I got the same issue. I'm using the latest commit and I got Nan even I tried a lot again and again. I found "backbone grid" makes this error. grid_tcnn doesn't make this issue.
@ashawkey sure, heres the command that leads to nans.
main.py --text a dslr photo of hamburger --workspace burger --iters 15000 -O2 --eval_interval 50
The nans start to appear after 8 epochs. The following are the logs.
[INFO] Cmdline: main.py --text a dslr photo of hamburger --workspace burger --iters 15000 -O2 --eval_interval 50
[INFO] Trainer: df | 2023-05-11_16-15-17 | cuda | fp16 | burger
[INFO] #parameters: 18983
[INFO] Loading latest checkpoint ...
[WARN] No checkpoint found, model randomly initialized.
==> [2023-05-11_16-15-18] Start Training burger Epoch 1/150, lr=0.005000 ...
loss=1.0007 (1.0011), lr=0.004924: : 100% 100/100 [00:18<00:00, 5.36it/s]
==> [2023-05-11_16-15-37] Finished Epoch 1/150. CPU=5.6GB, GPU=16.1GB.
==> [2023-05-11_16-15-37] Start Training burger Epoch 2/150, lr=0.004924 ...
loss=1.0002 (1.0006), lr=0.004849: : 100% 100/100 [00:18<00:00, 5.51it/s]
==> [2023-05-11_16-15-55] Finished Epoch 2/150. CPU=5.8GB, GPU=16.1GB.
==> [2023-05-11_16-15-55] Start Training burger Epoch 3/150, lr=0.004849 ...
loss=1.0003 (1.0003), lr=0.004775: : 100% 100/100 [00:18<00:00, 5.50it/s]
==> [2023-05-11_16-16-13] Finished Epoch 3/150. CPU=5.8GB, GPU=16.1GB.
==> [2023-05-11_16-16-13] Start Training burger Epoch 4/150, lr=0.004775 ...
loss=1.0002 (1.0002), lr=0.004702: : 100% 100/100 [00:18<00:00, 5.51it/s]

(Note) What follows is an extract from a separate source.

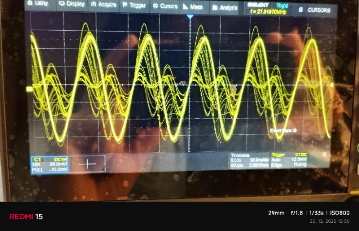 Keďže ešte nemám rozostavanú WS11 tak som kryštal pre TX z Futaby dal do vysielača WP 23, išlo mi čo to bude fungovať. Na puzdre kryštálu je 40,935 MHz. Ako mi Celeron poradil urobil som cievku ako sondu pre osciloskop, na priloženej foto je vidieť čo osciloskop nameral 40,96181 MHz. Inak ta sinusoida na tých 40MHz je krajšia ako na 27MHz

==> [2023-05-11_16-16-32] Finished Epoch 4/150. CPU=5.8GB, GPU=16.1GB.
==> [2023-05-11_16-16-32] Start Training burger Epoch 5/150, lr=0.004702 ...
loss=1.0000 (1.0002), lr=0.004631: : 100% 100/100 [00:18<00:00, 5.47it/s]
==> [2023-05-11_16-16-50] Finished Epoch 5/150. CPU=5.8GB, GPU=16.1GB.
==> [2023-05-11_16-16-50] Start Training burger Epoch 6/150, lr=0.004631 ...
loss=1.0004 (1.0002), lr=0.004576: : 77% 77/100 [00:14<00:04, 5.49it/s]NaN or Inf found in input tensor.
loss=1.0000 (nan), lr=0.004560: : 100% 100/100 [00:18<00:00, 5.48it/s]
==> [2023-05-11_16-17-08] Finished Epoch 6/150. CPU=5.8GB, GPU=16.1GB.
==> [2023-05-11_16-17-08] Start Training burger Epoch 7/150, lr=0.004560 ...
loss=1.0006 (1.0002), lr=0.004491: : 100% 100/100 [00:18<00:00, 5.47it/s]
==> [2023-05-11_16-17-26] Finished Epoch 7/150. CPU=5.8GB, GPU=16.1GB.
==> [2023-05-11_16-17-26] Start Training burger Epoch 8/150, lr=0.004491 ...
loss=1.0002 (1.0002), lr=0.004460: : 45% 45/100 [00:08<00:10, 5.48it/s]NaN or Inf found in input tensor.
loss=1.0000 (nan), lr=0.004456: : 50% 50/100 [00:09<00:09, 5.49it/s]NaN or Inf found in input tensor.
loss=1.0005 (nan), lr=0.004453: : 55% 55/100 [00:09<00:08, 5.51it/s]NaN or Inf found in input tensor.
loss=1.0000 (nan), lr=0.004449: : 60% 60/100 [00:10<00:07, 5.52it/s]NaN or Inf found in input tensor.
loss=1.0000 (nan), lr=0.004448: : 62% 62/100 [00:11<00:06, 5.53it/s]NaN or Inf found in input tensor.
loss=nan (nan), lr=0.004447: : 63% 63/100 [00:11<00:06, 5.55it/s]NaN or Inf found in input tensor.
loss=1.0002 (nan), lr=0.004445: : 66% 66/100 [00:11<00:06, 5.54it/s]NaN or Inf found in input tensor.
loss=1.0003 (nan), lr=0.004442: : 71% 71/100 [00:12<00:05, 5.52it/s]NaN or Inf found in input tensor.
loss=1.0000 (nan), lr=0.004439: : 76% 76/100 [00:13<00:04, 5.51it/s]NaN or Inf found in input tensor.
The torch version is '2.0.1+cu118' The same prompt works without nans in the commit I have highlighted in previous comments.
Also sometimes even if there are no nans the loss stops to go down and generates blank / green images. While the previous versions used to work with the similar prompt and yield substantial results within 50 epochs lowering lr further prevents nans but slows the entire process down with lower quality results.
-O2
is not well tested, could you try with -O
?
Actually I have been playing around with -02 for the past few months and never encountered this issue especially with the default prompts. I shall also check -0
I have checked -O seems to be working.
However -O2 still gives nans, I think this issue and the issue here are interlinked.
@m0eak can you check this once and see if using the configuration in this commit works. here. This is for -O2, someone also suggested that using cuda 11.7 also prevents the issue of nans.